2. The model itself is too small / undertrained to follow the
Hermes format reliably. helexa-acp has shape-based name
inference and JSON repair, but there's a floor below which
nothing helps.
### Plan-mode writes refused even inside the plan dir
The path comparison is byte-for-byte. If the model emits a path
with `~` and the plan_dir has the expanded form, expansion runs
*before* the comparison — but resolved-vs-symlinked-path
mismatches can still bite. The error message names the attempted
path and the expected prefix so you can compare directly.
## Architecture
Source layout under `crates/helexa-acp/src/`:
| File | Responsibility |
|------|----------------|
| `main.rs` | tokio + Stdio transport. Builds providers, hands off to `agent::Agent` |
| `config.rs` | TOML + env-fallback config, endpoint resolver |
| `agent.rs` | ACP handlers (initialize, session/new, session/prompt, session/cancel, session/set_mode, session/set_model, session/load, session/list), prompt loop with tool-call recursion |
| `session.rs` | Per-session state map (Arc<RwLock<HashMap<…>>>) |
| `store.rs` | On-disk session persistence, plan-dir resolution |
| `prompt.rs` | System-prompt assembly, plan-mode addendum |
| `tools.rs` | Tool schemas + shape-based name inference |
| `tool_runner.rs` | Dispatch a single tool call through ACP client RPCs; permission gate |
| `qwen3.rs` | Qwen3 Hermes tool-format parser (`<tool_call>` / `<think>` markers) |
| `compaction.rs` | Token-budget compaction for the rolling history |
| `path_util.rs` | `~` / `$HOME` expansion shared across every path-taking tool |
| `provider/openai_chat.rs` | OpenAI chat completions provider |
| `provider/openai_responses.rs` | OpenAI Responses API provider |
| `provider/anthropic_messages.rs` | Anthropic Messages API provider |
### Adding a new wire format
1. New file under `src/provider/` implementing the `Provider`
trait (encoder + SSE decoder).
2. Add a `WireApi` variant in `config.rs`.
3. Wire it into `build_provider` in `main.rs`.
4. Done — every other module is wire-format-agnostic.
### Concurrency
- `Arc<RwLock<HashMap<SessionId, Arc<Mutex<SessionState>>>>>`
per-session mutex so concurrent requests across sessions don't
contend; the map's RwLock is read-mostly.
- Every tool call dispatched serially within a session (parallel
dispatch would require Zed to handle interleaved permission
prompts).
- Provider streams are back-pressured by the consumer (bounded
mpsc channels).
### Self-contained
The crate has no workspace-internal dependencies (no
`cortex-core`, no `cortex-gateway`).
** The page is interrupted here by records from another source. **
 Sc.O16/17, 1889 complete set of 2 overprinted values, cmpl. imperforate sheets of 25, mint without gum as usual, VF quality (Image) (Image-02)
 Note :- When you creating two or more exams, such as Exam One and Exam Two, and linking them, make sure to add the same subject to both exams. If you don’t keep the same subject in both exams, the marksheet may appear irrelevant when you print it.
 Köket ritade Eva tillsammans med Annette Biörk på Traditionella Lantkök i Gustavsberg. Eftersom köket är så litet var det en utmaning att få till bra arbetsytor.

Migration to a dedicated
GitHub repo for cross-platform CI / cargo-dist binaries is
Cargo.toml-only.
## Status
- Stages 16 shipped: scaffold, agent loop, tools, modes, session
resume, image input, model picker, three wire formats.
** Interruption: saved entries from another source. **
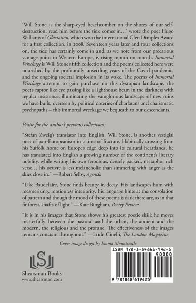 The poems of Immortal Wreckage attempt to gain purchase on our dystopia, the poet's eye passing like a lighthouse beam in the darkness, illuminating the landscape of immortal wreckage we bequeath to our descendants.
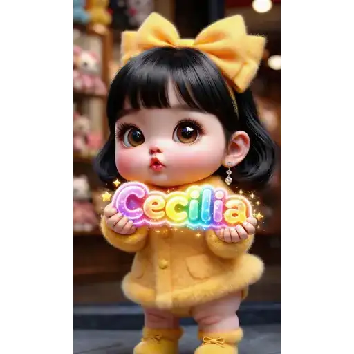 Menina de cabelo preto com franja e um laço amarelo na cabeça, vestindo um casaco amarelo, segura uma placa colorida…
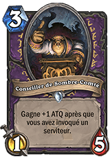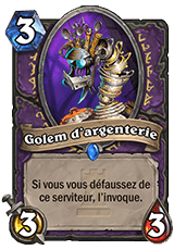 Chef de gang des diablotins (x2) est une 2/4 pour 3 de mana qui une fois blessée permettra d’invoquer un diablotin 1/1. C’est une carte difficile à gérer pour votre adversaire. Le Conseiller de Sombre-Comté (x2) est une carte MONSTRUEUSE. C’est une carte 1/5 qui coûte 3 de mana, mais qui chaque fois que vous invoquerez un serviteur gagnera 1 d’attaque. Il peut être intéressant de la combiner avec Rituel Interdit. Le Golem d’argenterie (x2) est un serviteur classique mais qui sera invoqué gratuitement sur le plateau si vous le défaussez avec Feu de l’âme par exemple.

- Stage 8 (RPM + multi-platform CI) tracked in the canonical plan;
Linux x86_64 RPM ships today via the cortex monorepo's Gitea
Actions.
## Contributing
Repository: https://git.lair.cafe/helexa/cortex (`crates/helexa-acp/`).
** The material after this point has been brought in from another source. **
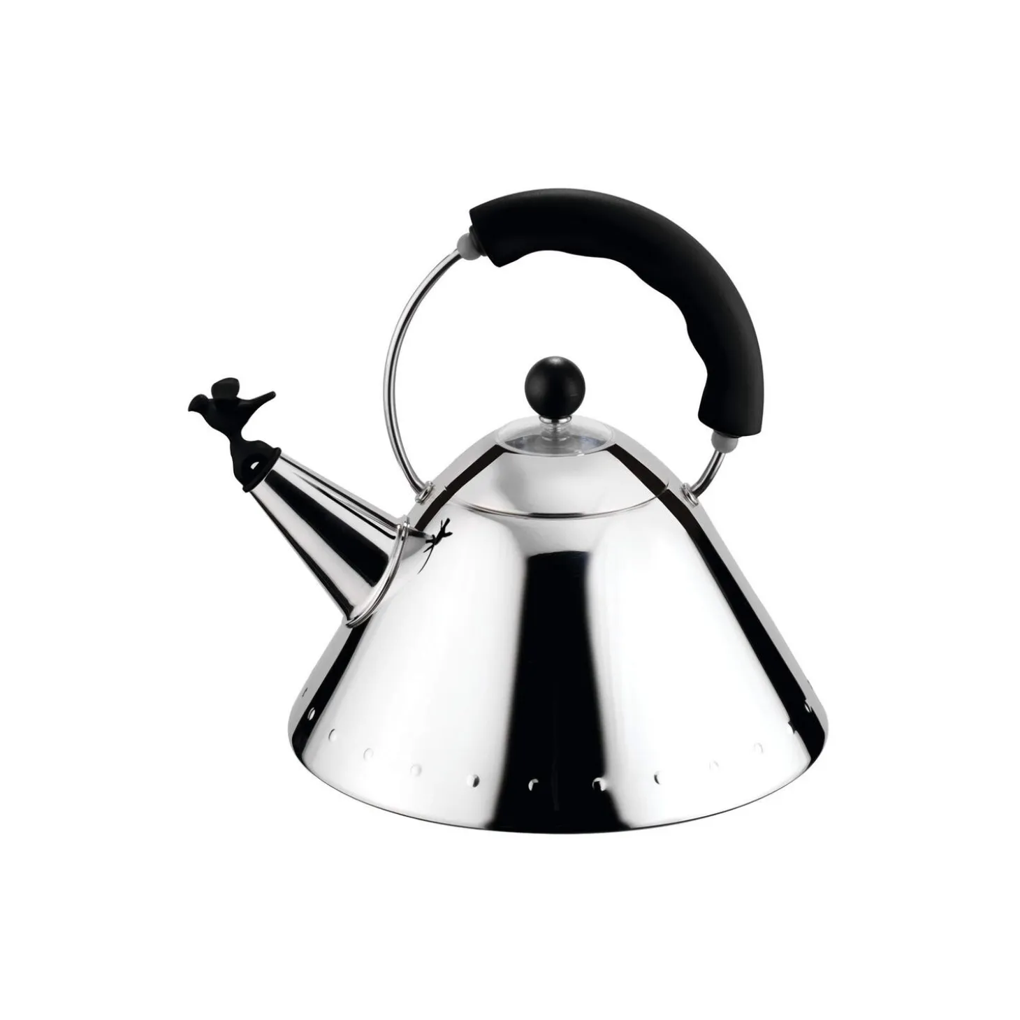 Kedel 9093 i blankpoleret rustfrit stål og nylon fra Alessi. Farve: sort. Mål: H: 22,5 x Ø 22 cm. Indeholder: 2 L. Design: Michael Graves.

Issues / PRs welcome. The canonical staged plan is in
`~/.claude/plans/plan-the-per-device-worker-abstract-micali.md` on
the maintainer's machine; the substages 3a3e and 6a/6b that the
canonical plan didn't anticipate are documented in commit messages.
CI: `cargo fmt --check --all`, `cargo clippy --workspace -- -D
warnings`, `cargo test --workspace` must all pass before merge.